• _Exercise directions_
Could you write out, exactly as they stand, only the lines in the listing below from the line with "Frenzidea Bowling and" to the line with "As I began designing", both ends included, without the pictures?

• _Input records_
---

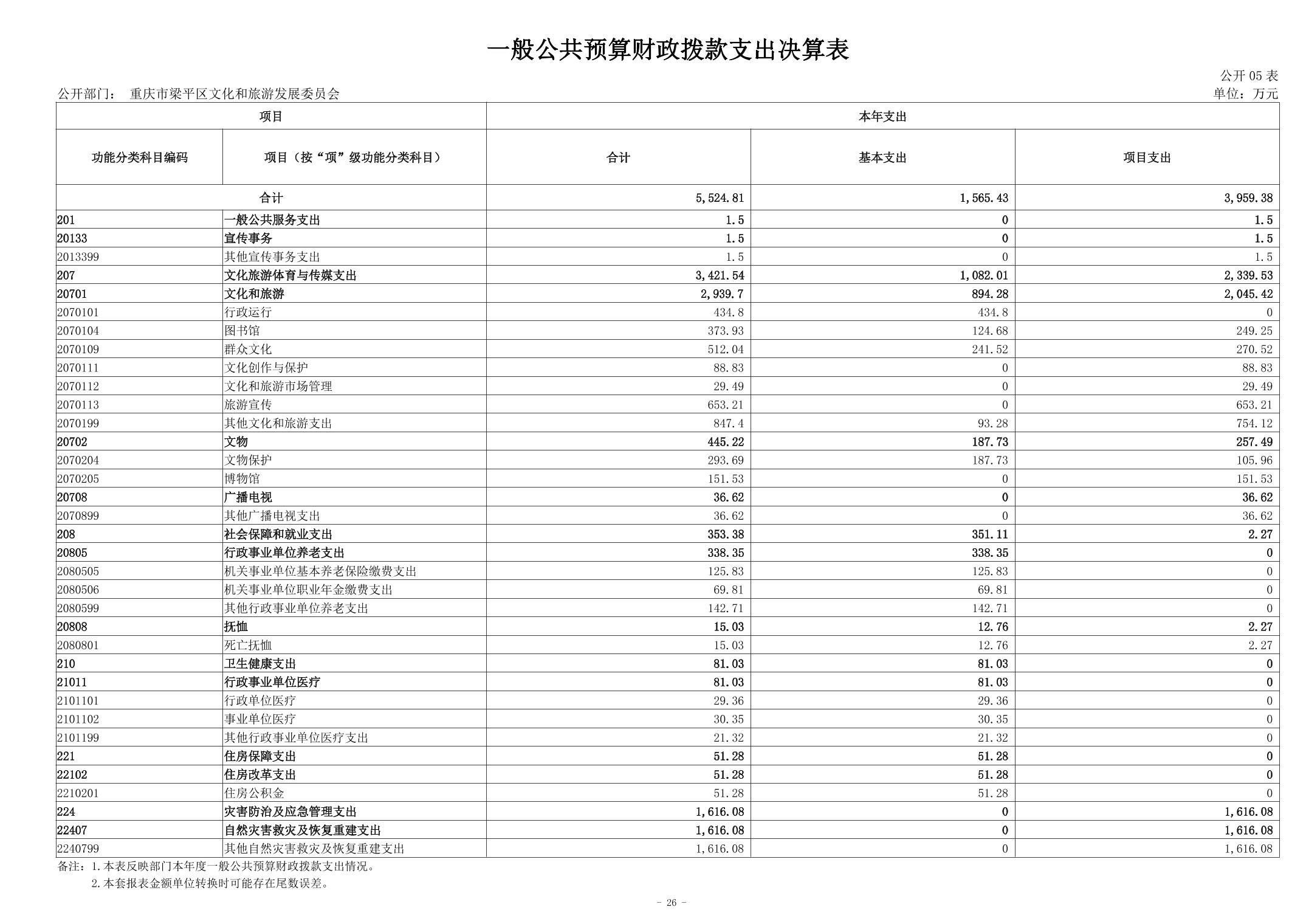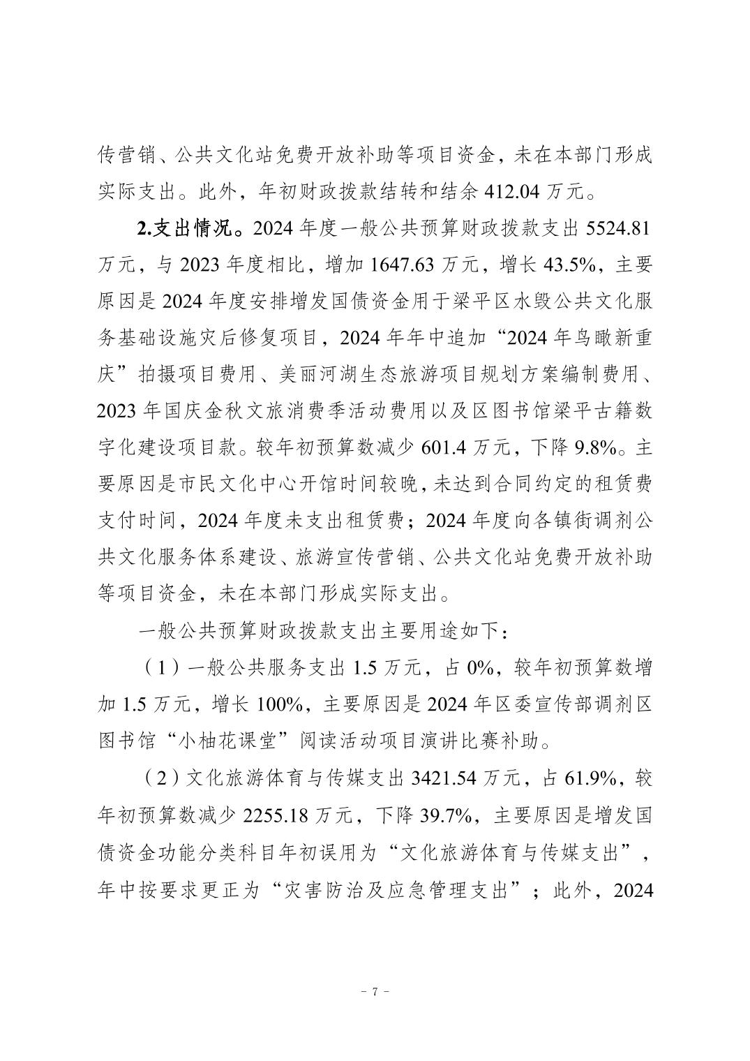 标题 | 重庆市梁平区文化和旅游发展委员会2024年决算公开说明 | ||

---

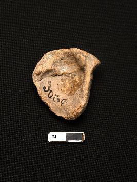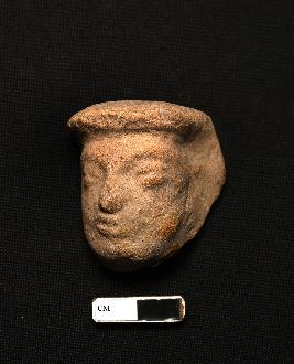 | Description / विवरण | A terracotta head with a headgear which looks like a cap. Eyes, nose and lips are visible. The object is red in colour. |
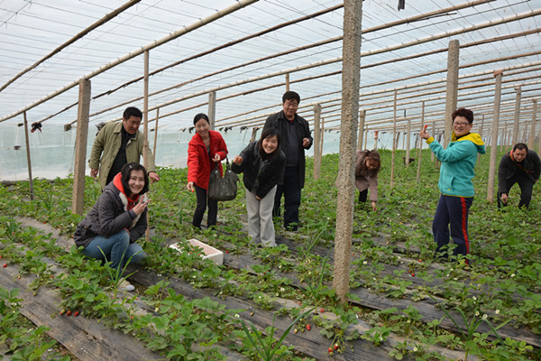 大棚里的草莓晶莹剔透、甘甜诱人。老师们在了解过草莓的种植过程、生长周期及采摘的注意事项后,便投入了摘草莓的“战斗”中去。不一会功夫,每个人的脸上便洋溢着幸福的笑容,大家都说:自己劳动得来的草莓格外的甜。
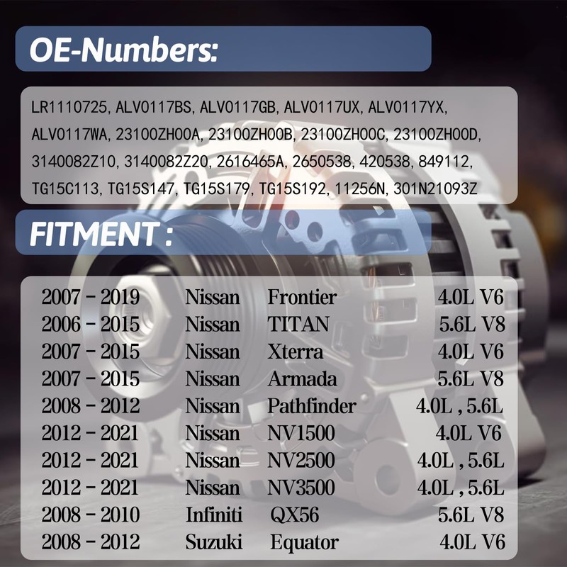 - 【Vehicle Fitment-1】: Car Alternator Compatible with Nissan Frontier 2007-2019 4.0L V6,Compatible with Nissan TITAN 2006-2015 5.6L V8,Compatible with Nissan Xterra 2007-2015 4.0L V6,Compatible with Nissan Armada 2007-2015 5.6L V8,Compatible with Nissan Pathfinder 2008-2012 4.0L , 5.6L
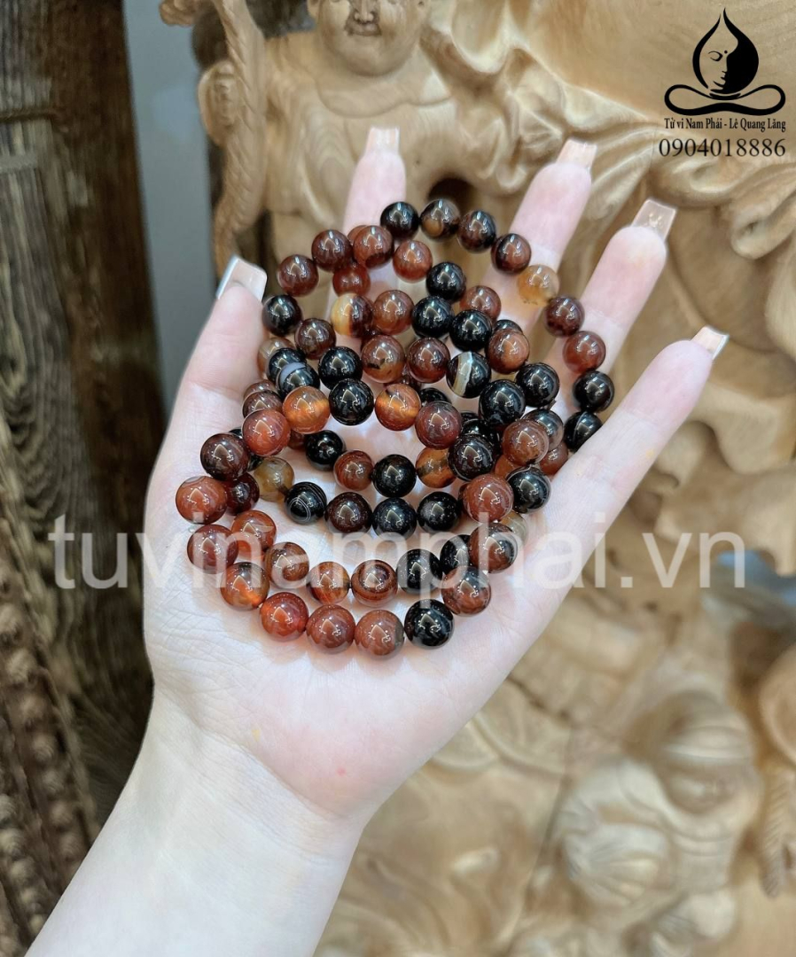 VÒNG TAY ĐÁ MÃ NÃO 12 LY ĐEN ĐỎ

---

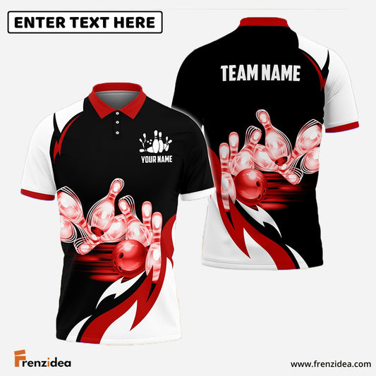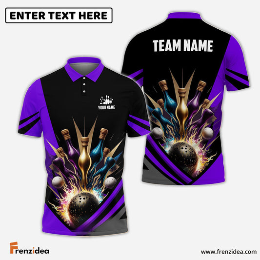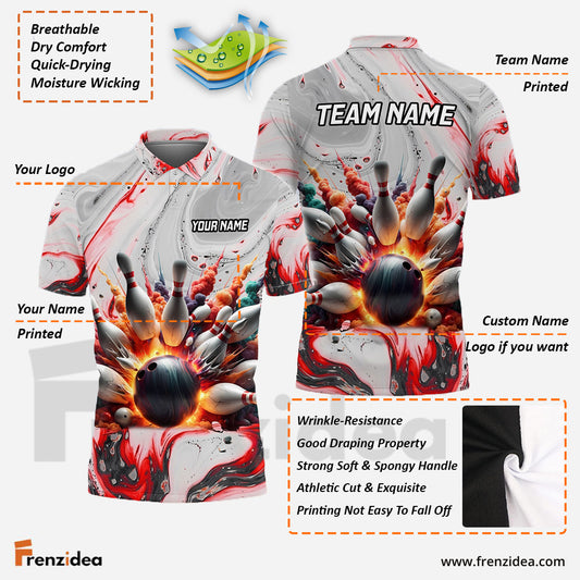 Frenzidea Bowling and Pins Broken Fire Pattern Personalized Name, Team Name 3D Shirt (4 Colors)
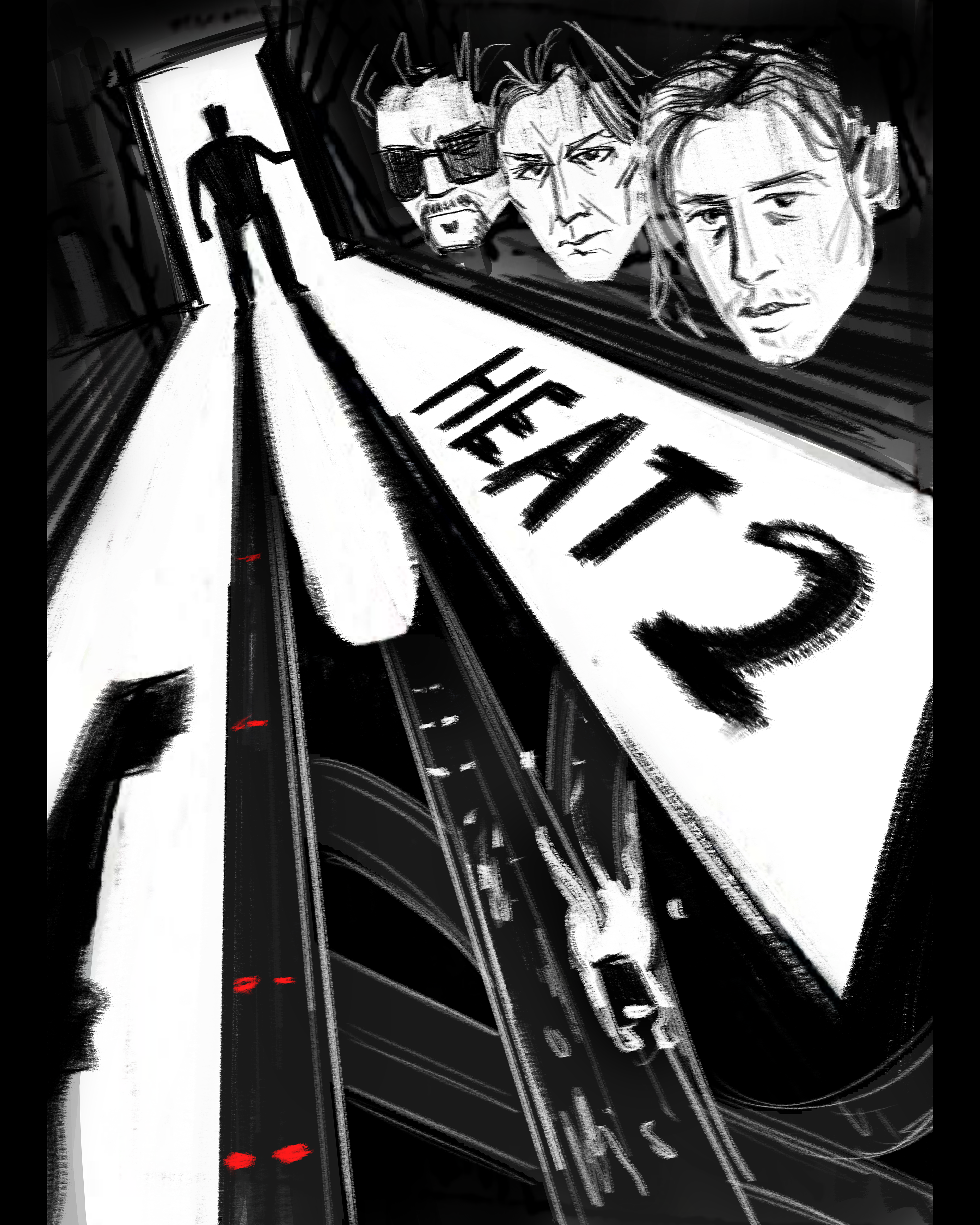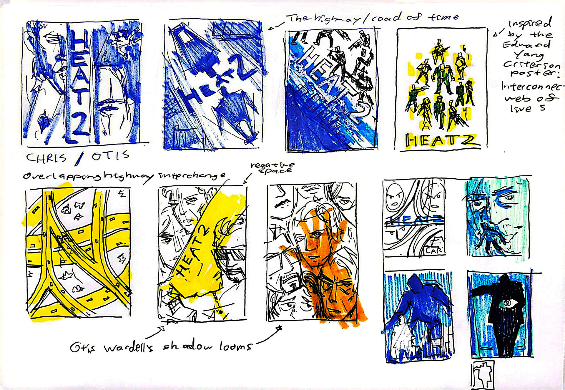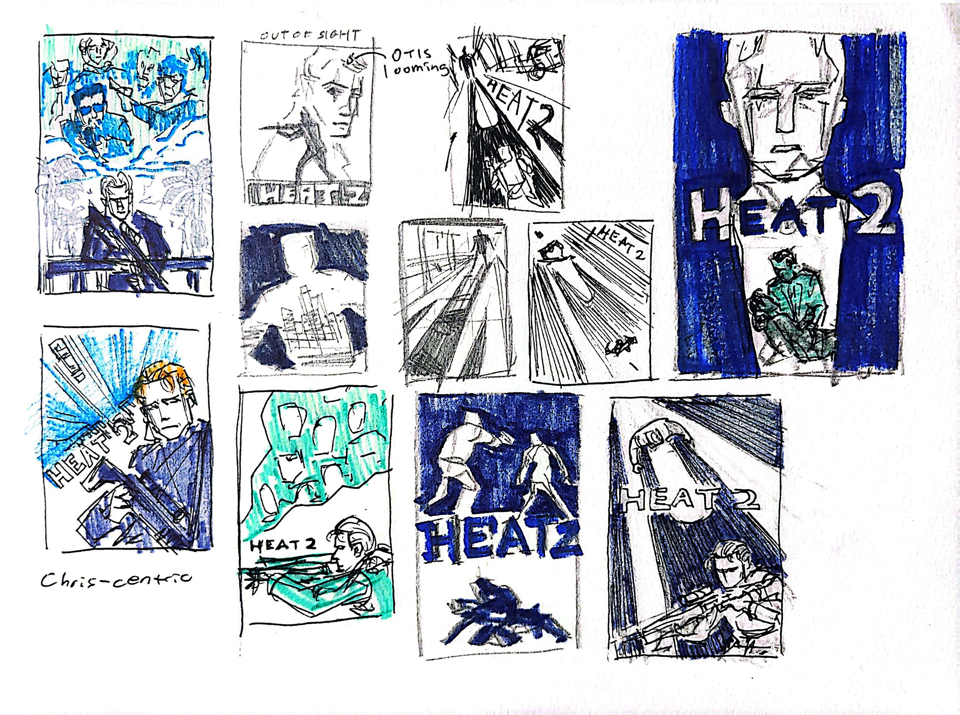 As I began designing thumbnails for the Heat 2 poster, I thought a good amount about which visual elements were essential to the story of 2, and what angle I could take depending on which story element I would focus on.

---

• _Response to this exercise_
 Frenzidea Bowling and Pins Broken Fire Pattern Personalized Name, Team Name 3D Shirt (4 Colors)
 As I began designing thumbnails for the Heat 2 poster, I thought a good amount about which visual elements were essential to the story of 2, and what angle I could take depending on which story element I would focus on.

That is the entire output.